Hello Once again, I executed the command to replace the brick for lsy-gl-03 (as a simple way to repair a identity of files on lsy-gl-03): (gluster volume replace-brick TST lsy-gl-03:/diskForData/tst lsy-gl-03:/diskForTestData/tst-fix commit force) it must synchronize all files from live nodes (lsy-gl-01, lsy-gl-03), as i know. But as a result, I again got a discrepancy between the actual sizes on the disk (df -h) [root@LSY-GL-02 host]# df -h Filesystem Size Used Avail Use% Mounted on LSY-GL-02:/TST 500G 115G 385G 23% /mnt/tst /dev/sdc1 500G 110G 390G 22% /diskForTestData [root@LSY-GL-03 host]# df -h Filesystem Size Used Avail Use% Mounted on /dev/sdc1 500G 107G 394G 22% /diskForTestData LSY-GL-03:/TST 500G 115G 385G 23% /mnt/tst I finded diff files by exec a diff command (/diskForTestData/tst is symlink to /diskForTestData/tst-fix): [root@LSY-GL-02 ~]# diff <(ls -Ra /diskForTestData/tst/lsy-tst/) <(ssh host@lsy-gl-03 sudo ls -Ra /diskForTestData/tst/lsy-tst) 1c1 < /diskForTestData/tst/lsy-tst/: --- > /diskForTestData/tst/lsy-tst: 357638a357639,357643 > 00b0d046-1e1c-4088-bb67-527513bd432d.1 > 00b0d046-1e1c-4088-bb67-527513bd432d.2 > 00b0d046-1e1c-4088-bb67-527513bd432d.3 > 00b0d046-1e1c-4088-bb67-527513bd432d.4 > 00b0d046-1e1c-4088-bb67-527513bd432d.5 357644a357650,357652 > 0339fa08-fb52-4f9f-bbc1-998a88bad3a9.1 > 0339fa08-fb52-4f9f-bbc1-998a88bad3a9.2 > 0339fa08-fb52-4f9f-bbc1-998a88bad3a9.3 357652a357661,357663 ..... Also finded a reason, what arequal-checksum command shows a lot more regular files on lsy-gl-03 - it is folder /diskForTestData/tst/lsy-tst/.shard and files in it. But on lsy-gl-03 it have size like 70gb, but on lsy-lg-01,02 - 58gb [root@LSY-GL-03 .shard]# du -sh /diskForTestData/tst/lsy-tst/.shard/ 70G /diskForTestData/tst/lsy-tst/.shard/ [root@LSY-GL-02 host]# du -sh /diskForTestData/tst/lsy-tst/.shard/ 58G /diskForTestData/tst/lsy-tst/.shard/ Also I have folder /diskForTestData/tst/.shard with identical files (hardlinks, i think) What should I do with this situation ? Copy .shard files from lsy-l-03 on lsy-gl-02,01 ? Heal status count zero [root@LSY-GL-03 tst]# gluster volume heal TST info Brick lsy-gl-01:/diskForTestData/tst Status: Connected Number of entries: 0 Brick lsy-gl-02:/diskForTestData/tst Status: Connected Number of entries: 0 Brick lsy-gl-03:/diskForTestData/tst-fix Status: Connected Number of entries: 0
Adding the Sharding maintainer Krutika to the bug for any possible advice on comment#12.

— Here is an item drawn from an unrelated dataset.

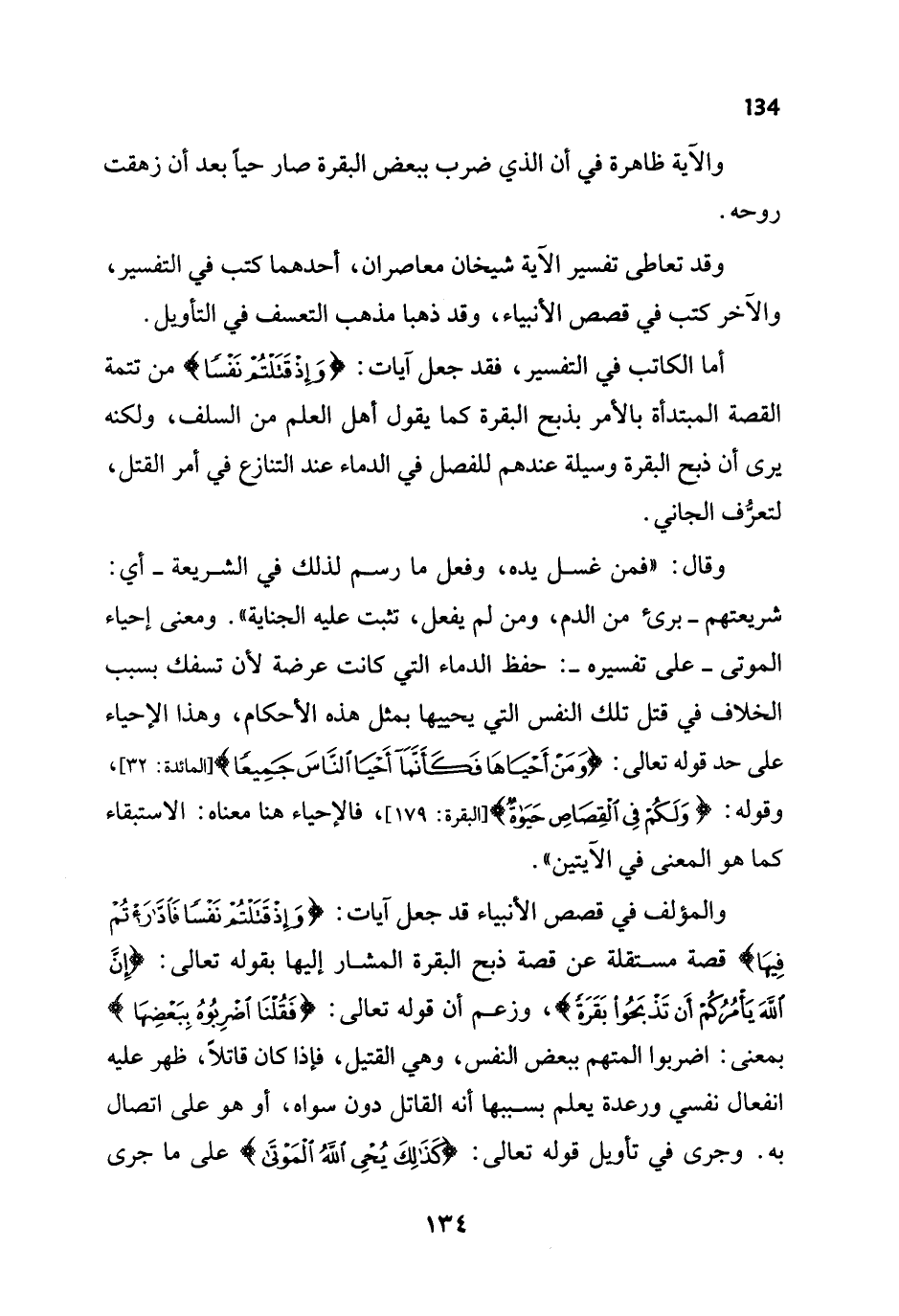 وقال: "فمن غسل يده، وفعل ما رسم لذلك في الشريعة - أي: شريعتهم- برئ من الدم، ومن لم يفعل، تثبت عليه الجناية". ومعنى إحياء الموتى-على تفسيره-: حفظ الدماء التي كانت عرضة لأن تسفك بسبب الخلاف في قتل تلك النفس التي يحييها بمثل هذه الأحكام، وهذا الإحياء على حد قوله تعالى {وَمَنْ أَحْيَاهَا فَكَأَنَّمَا أَحْيَا النَّاسَ جَمِيعًا} [المائدة: 32]، وقوله: {وَلَكُمْ فِي الْقِصَاصِ حَيَاةٌ} [البقرة: 179]، فالإحياء هنا معناه: الاستبقاء كما هو المعنى في الآيتين". والمؤلف في قصص الأنبياء قد جعل آيات: {وَإِذْ قَتَلْتُمْ نَفْسًا فَادَّارَأْتُمْ فِيهَا} قصة مستقلة عن قصة ذبح البقرة المشار إليها بقوله تعالى: {إِنَّ اللَّهَ يَأْمُرُكُمْ أَنْ تَذْبَحُوا بَقَرَةً}، وزعم أن قوله تعالى: {فَقُلْنَا اضْرِبُوهُ بِبَعْضِهَا} بمعنى: اضربوا المتهم ببعض النفس، وهي القتيل، فإذا كان قاتلاً، ظهر عليه انفعال نفسي ورعدة يعلم بسببها أنه القاتل دون سواه، أو هو على اتصال به. وجرى في تأويل قوله تعالى: {كَذَلِكَ يُحْيِ اللَّهُ الْمَوْتَى} على ما جرى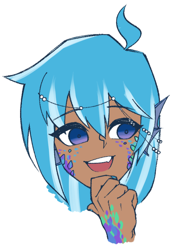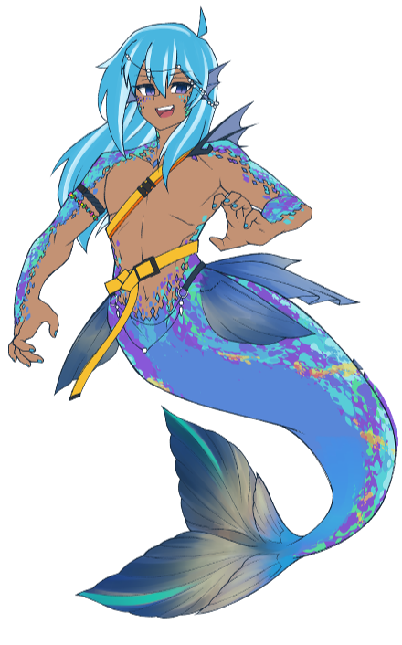 The more androgynous side of Toby. They prefer neutral pronouns and terms but will be okay with whatever the person(or being) is more comfortable with. They definitely have a more laid back, shy nature as they have to be more cautious of the dangers in the ocean. Their memories of origin are hazy but they do remember being raised by a shark family in the Bermuda Triangle! Often spending their days lazing about the reefs collecting odd human trinkets. Their love for math originated from finding an rusted abacus in an abandoned ship! Now rumours have been spreading about Toby's true form. Something beyond just a person with a fish tail, even... monstrous.

(In reply to Ravishankar N from comment #13) > Adding the Sharding maintainer Krutika to the bug for any possible advice on > comment#12. Copying the shards across bricks from the backend is not a good idea. A parallel operation on the file while the copy is going on can lead to inconsistencies. Ravi, Seems like the main issue is replication inconsistency after a replace-brick. Any heal-related errors in the logs? I see cluster.favorite-child-policy set in volume-info. Would it be an issue here? (As an aside, network.ping-timeout is set to 5s and that's really low. @Sergey, you should probably set to a higher value, say 30s or more) -Krutika
cluster.favorite-child-policy should not cause any problems w.r.t missing files. Perhaps Sergey can check for errors in glustershd.log. FWIW, I did try out a replace brick with the volume options being the same as this one (and having files > shard size) and the heals were successful. This was on glusterfs-5.5.
Errors for what period? Since the last brick replacement (August 28) on lsy-gl-03 - there are no errors in the file glfsheal-TST.log, only informational messages Prior to this, all bricks were replaced sequentially (transfer over a separate disk on the node) - also no heal errros in logs glfsheal-TST.log on all nodes. After that, a problem was seen with the size of the raw data. In file glustershd.log from lsy-gl-03 - exist error messages, but not about TST volume
On lsy-gl-01,02 in file glustershd.log many info messages about selfeal operations when replace brick process works
Hello Are there any other suggestions or tips for me to do in this situation? Re-create TST volume and copy all data? Find all the file names that are broken into shards and run their forced heal? Also, why do the sizes of .shard folders on nodes differ? By the way, how much overhead should Gluster files take in volume? Now I see a difference of 5 GB on nodes 1 and 2? this is normal ? or should it be less?